I wish I could talk to my mother. Her quiet and calm guidance is what's kept this town from chaos in the past. Now I need it to keep the chaos from my mind. I'm useless, completely and totally. My magic is nothing without the sound mind behind it and right now, I don't feel like I can add two and two together.

"Hey," Isaac's voice breaks through my thoughts and I turn to see him still seated, but entirely focused on me. "We'll get through this."

"I know," I nod my head, "but I'm not sure what we'll look like on the other side."

It's so confusing, battling the emotions inside of me. One minute I feel so empowered, ready to take on anything. The next, all I want is my mother. Earlier today I was ready to be an adult, now, I'm not sure I'll ever stop being a kid.

"I just...I wish I could talk to my mother," I say, admitting the words out loud, making them that much truer.
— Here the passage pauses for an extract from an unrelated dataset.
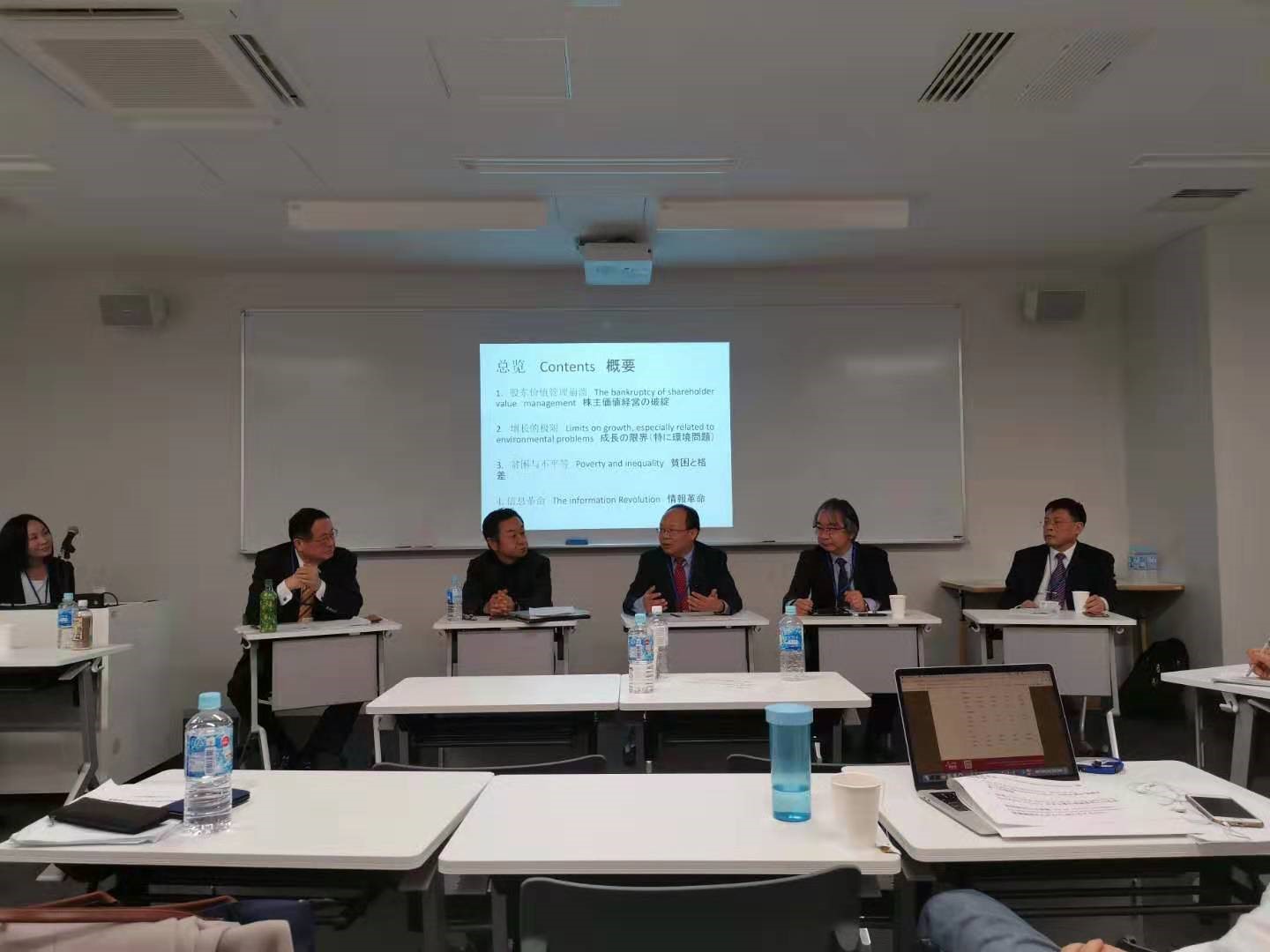 Then, the discussion section began. Under the chairmanship of professor Hirofumi Sakamoto, director of the institute of public welfare consortium legal person, the participants held a heated discussion on "corporate management in Japan and China during the transitional period”. The discussion covered the collapse of shareholder value management, the limits of growth, poverty and inequality, the information revolution, the succession of Japanese private enterprises, the complementary advantages of Chinese and Japanese enterprises, the research objectives of the management of Chinese and Japanese enterprises, and the direction of cooperation between the School of Economics and Management of Beijing Normal University and J.F.Oberlin University.

When I glance up at Isaac, I know I've done the right thing, even though opening up like that took effort.

"I want to talk to dad," he replies, shrugging. "We never stop being our parent's children, Meredith. There's nothing wrong with that."

"But we're supposed to be leaders!"

"We are. The fact that we want our parents help means we're better leaders than we give ourselves credit for."

I haven't thought of it that way. Slowly, I make my way back to Isaac, but I don't sit down.

"It's just weird how much I want the independence, but when I'm tried and true, all I want is the safety of my parents."

"And I'm sure when our parents were just starting out they felt the same. It's part of the growing up process. We were just thrust into it kind of suddenly."

He chuckles, and a warm feeling washes over my heart. I study him for a long, silent pause, amazed at how good he is at this.

"You are very gifted at the whole Watcher thing," I comment, smiling for the first time in hours. He returns the gesture, before reaching out and taking my hand in his. Tugging gently, he guides me to stand right in front of him.

"And you are gifted at the whole coven leader thing. I will keep reminding you of this until the end of time, Meredith Hawthorne. So get used to hearing it. And start believing it."

I allow my hands to run over his face, pushing the hair out of his eyes. I've never doubted myself as much as I've doubted myself in these last twenty four hours or so. But through all of that doubt, I found someone who believes in me completely. And that's a precious gift I'm never letting go.